- WHAT YOU WILL DO -
The entries below are to be given back exactly, with images excluded.

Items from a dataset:
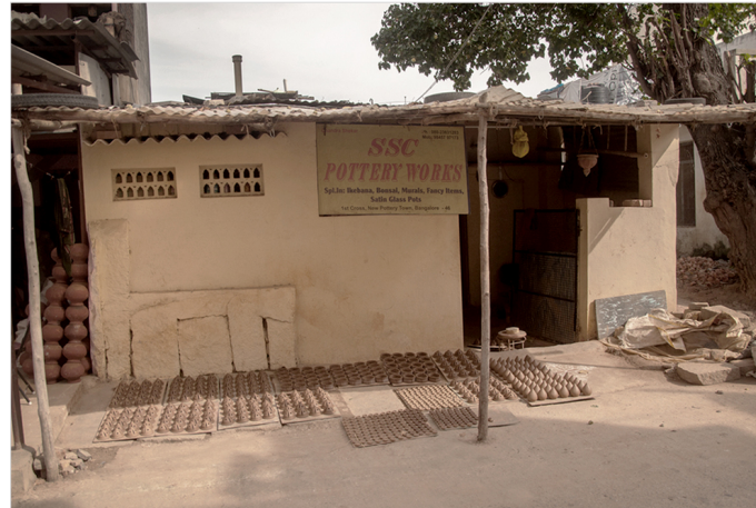
Work place where diyas are prepped.

https://dsource.in/resource/diya-making-diwali-festival-pottery-town-bengaluru/introduction
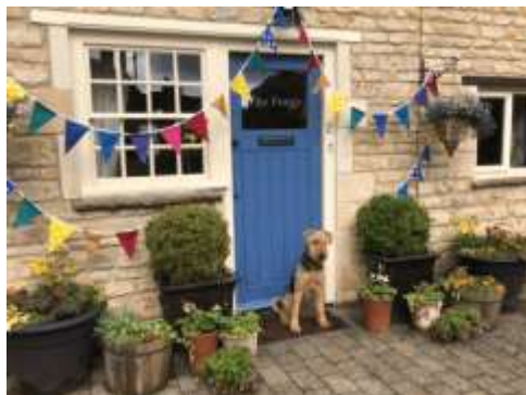
Best Doorstep: Jo Roberts

The village looked great in colourful bunting and doorsteps also decorated with vegetables and flowers. 43 people entered photographs for the 'mini show': best doorstep; most pleasing garden; best street; adult & child craft (during lock down) and best photograph (also during lockdown). In a change to tradition, we asked the
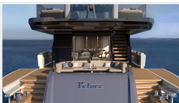
32mt Motor Yacht RPH Veloce (5)
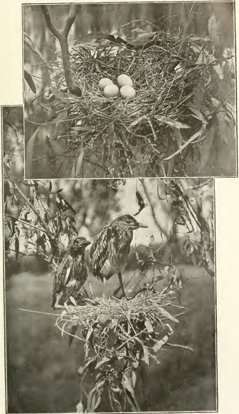
Nests of Night-Heron ( Nycticorax caledonicus ), Eggs, and Young.
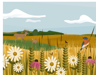
Preview of imagery that will be on the walls of the new school
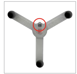
Handle with Locking Pin

- TASK RESULT -
Work place where diyas are prepped.

https://dsource.in/resource/diya-making-diwali-festival-pottery-town-bengaluru/introduction
Best Doorstep: Jo Roberts

The village looked great in colourful bunting and doorsteps also decorated with vegetables and flowers. 43 people entered photographs for the 'mini show': best doorstep; most pleasing garden; best street; adult & child craft (during lock down) and best photograph (also during lockdown). In a change to tradition, we asked the
32mt Motor Yacht RPH Veloce (5)
Nests of Night-Heron ( Nycticorax caledonicus ), Eggs, and Young.
Preview of imagery that will be on the walls of the new school
Handle with Locking Pin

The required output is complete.